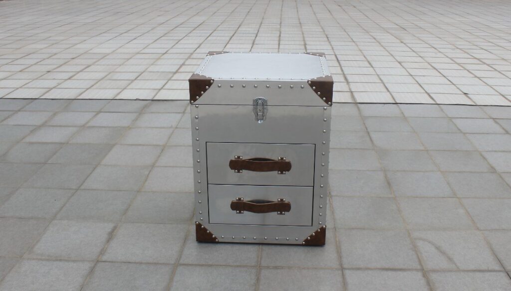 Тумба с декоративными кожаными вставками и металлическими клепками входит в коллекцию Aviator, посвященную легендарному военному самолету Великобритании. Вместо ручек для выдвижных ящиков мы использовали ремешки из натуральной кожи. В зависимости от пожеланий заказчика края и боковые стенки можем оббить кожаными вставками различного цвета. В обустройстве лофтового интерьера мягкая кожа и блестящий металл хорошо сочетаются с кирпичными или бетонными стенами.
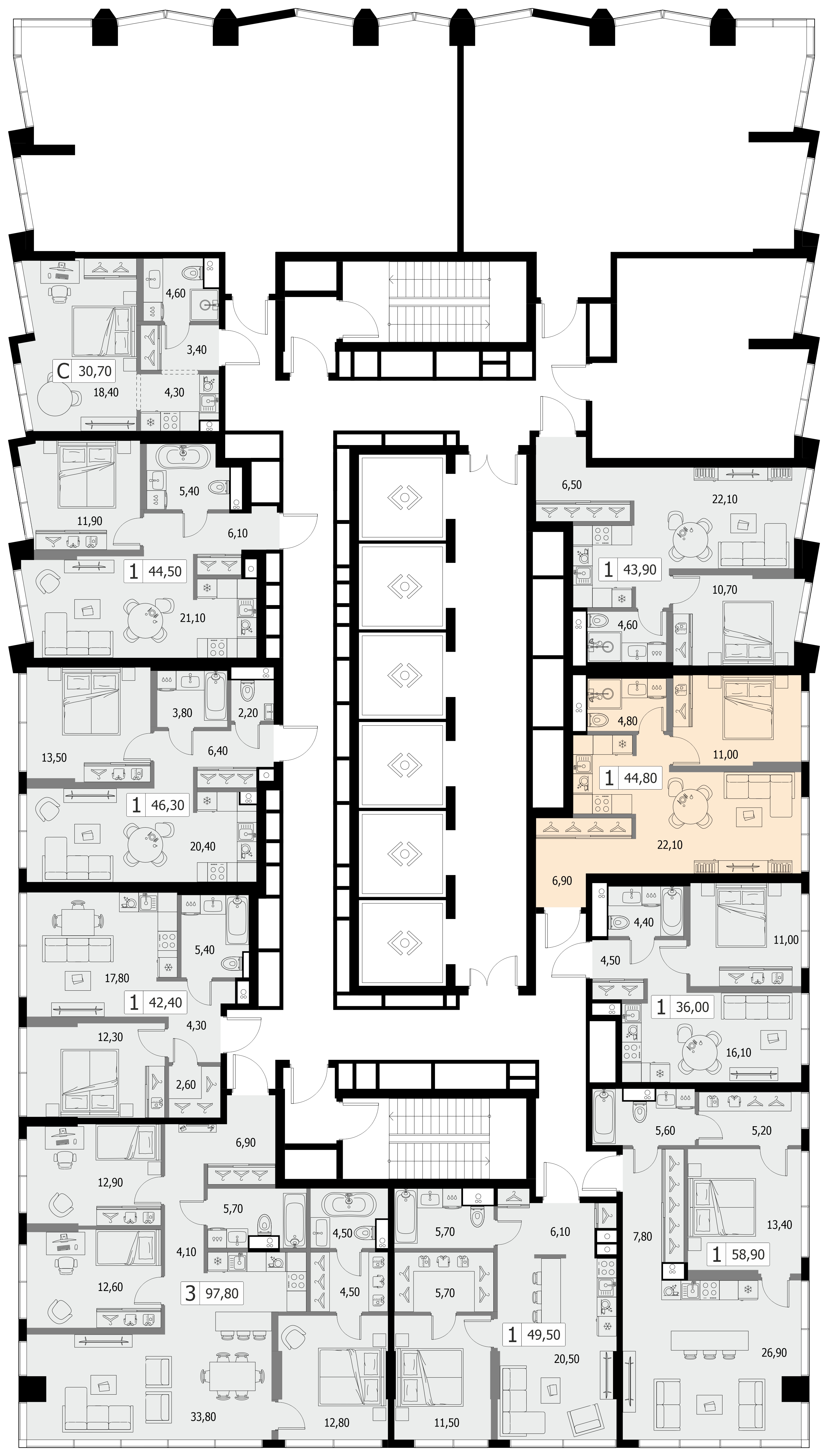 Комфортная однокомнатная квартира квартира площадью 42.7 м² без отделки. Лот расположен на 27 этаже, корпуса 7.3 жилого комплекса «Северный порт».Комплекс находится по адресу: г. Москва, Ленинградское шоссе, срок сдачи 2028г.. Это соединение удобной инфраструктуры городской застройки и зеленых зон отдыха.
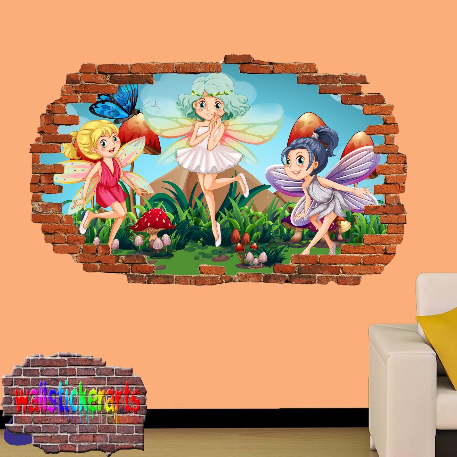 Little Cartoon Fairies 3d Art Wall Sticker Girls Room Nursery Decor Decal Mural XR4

■ **WHAT IS NEEDED**: For this exercise, restate the material exactly and skip every picture.

■ **RESPONSE TO THE TASK**:
 Тумба с декоративными кожаными вставками и металлическими клепками входит в коллекцию Aviator, посвященную легендарному военному самолету Великобритании. Вместо ручек для выдвижных ящиков мы использовали ремешки из натуральной кожи. В зависимости от пожеланий заказчика края и боковые стенки можем оббить кожаными вставками различного цвета. В обустройстве лофтового интерьера мягкая кожа и блестящий металл хорошо сочетаются с кирпичными или бетонными стенами.
 Комфортная однокомнатная квартира квартира площадью 42.7 м² без отделки. Лот расположен на 27 этаже, корпуса 7.3 жилого комплекса «Северный порт».Комплекс находится по адресу: г. Москва, Ленинградское шоссе, срок сдачи 2028г.. Это соединение удобной инфраструктуры городской застройки и зеленых зон отдыха.
 Little Cartoon Fairies 3d Art Wall Sticker Girls Room Nursery Decor Decal Mural XR4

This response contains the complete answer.